The Environmental Protection Agency's efforts to justify recent changes to its National Ambient Air Quality Standards (NAAQS) for ozone and particulate matter (PM) exemplify the use--and misuse--of science by government agencies. Given the way the EPA and the courts have interpreted the Clean Air Act, the agency has been able to cloak its policy judgments under the guise of scientific objectivity. By doing this, the EPA has evaded accountability for a shifting set of policy positions that have major implications for public health and the economy. The EPA'S incoherent approach to its NAAQS decisions ultimately fails to live up to the aspiration for reasoned decision-making that under-girds contemporary administrative law in the United States.

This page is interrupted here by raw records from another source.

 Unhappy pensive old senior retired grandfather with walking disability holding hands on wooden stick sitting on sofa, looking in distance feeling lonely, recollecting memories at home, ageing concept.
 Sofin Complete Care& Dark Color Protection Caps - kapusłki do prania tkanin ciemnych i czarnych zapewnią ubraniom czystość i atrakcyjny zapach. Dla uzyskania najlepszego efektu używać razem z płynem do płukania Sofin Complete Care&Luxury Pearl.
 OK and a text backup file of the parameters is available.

SCIENCE AND RISK STANDARDS
Throughout its recent ozone and PM rulemakings, which were finalized in July 1997, the EPA attempted to justify its selection of its air quality standards based solely on scientific evidence regarding the health effects of pollution. By purporting to rely on science to justify normative policy decisions, agencies like the EPA succumb to a category mistake because science speaks to what is rather than to what should be. Relying exclusively on science, as the EPA has done in its ozone and particulate rulemakings, is as misguided as it would be to disregard relevant scientific information altogether.
NON-THRESHOLD POLLUTANTS The Clean Air Act provides that in promulgating a new or revised NAAQS, the EPA must draw upon a "Criteria Document" that reflects "the latest scientific knowledge" of the health effects of the relevant pollutant. Then, under Section 109 of the act, the EPA is to set a standard that is "requisite to protect the public health" with "an adequate margin of safety."

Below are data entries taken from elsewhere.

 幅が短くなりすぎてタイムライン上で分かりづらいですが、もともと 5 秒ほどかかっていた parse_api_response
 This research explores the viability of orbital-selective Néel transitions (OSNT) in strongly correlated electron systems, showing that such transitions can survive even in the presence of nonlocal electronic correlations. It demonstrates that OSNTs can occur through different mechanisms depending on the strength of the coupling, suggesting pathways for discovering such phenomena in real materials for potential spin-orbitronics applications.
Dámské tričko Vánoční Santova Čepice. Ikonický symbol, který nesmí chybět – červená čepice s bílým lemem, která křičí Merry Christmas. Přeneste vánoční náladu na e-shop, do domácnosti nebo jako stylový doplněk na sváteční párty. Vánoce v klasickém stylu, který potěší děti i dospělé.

The legislative history of the Clean Air Act provides some additional guidance for construing the brief statutory language. In 1970, when the current language of Section 109 was enacted, the Senate report on the legislation stated that the objective of air quality standards is to ensure "an absence of adverse effects on the health of a statistically related sample of persons in sensitive groups." NAAQS were intended to protect susceptible groups such as "bronchial asthmatics and emphysematics who in the normal course of daily activity are exposed to the ambient environment." Based on this language, the EPA and the courts have construed Section 109 to require air quality standards to "be set at a level at which there is 'an absence of adverse effect' on ... sensitive individuals."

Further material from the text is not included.